§ What this task involves:
An exact, picture-free copy of the listing is required.

§ Data excerpt:
***

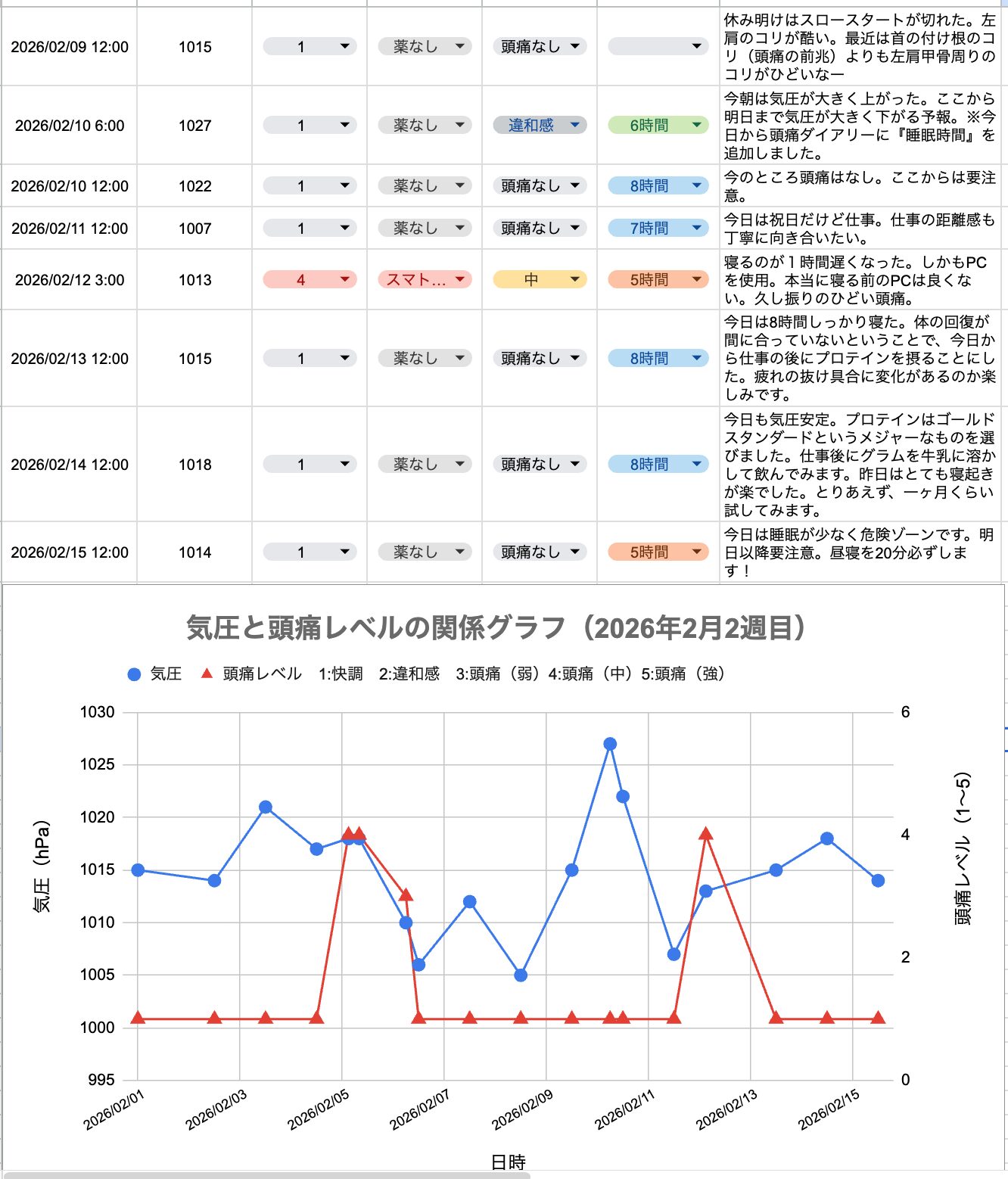今週は、気圧の低下と睡眠不足が重なった場面で1回頭痛がありました。寝る直前にPC仕事をしてしまったので、気圧の影響かPCの光のせいなのかはハッキリしません。
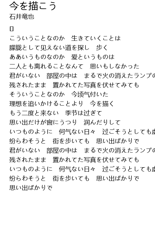 | 君がいない 部屋の中は まるで火の消えたランプの样で | |
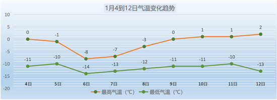 从目前来看,预计从4日到12日南郊观象台最高气温0℃至-8℃,最低气温-10℃至-14℃。其中,6日气温将跌入一个低谷,最高气温-8℃,最低气温-14℃。

***

§ Answer space:
今週は、気圧の低下と睡眠不足が重なった場面で1回頭痛がありました。寝る直前にPC仕事をしてしまったので、気圧の影響かPCの光のせいなのかはハッキリしません。
 | 君がいない 部屋の中は まるで火の消えたランプの样で | |
 从目前来看,预计从4日到12日南郊观象台最高气温0℃至-8℃,最低气温-10℃至-14℃。其中,6日气温将跌入一个低谷,最高气温-8℃,最低气温-14℃。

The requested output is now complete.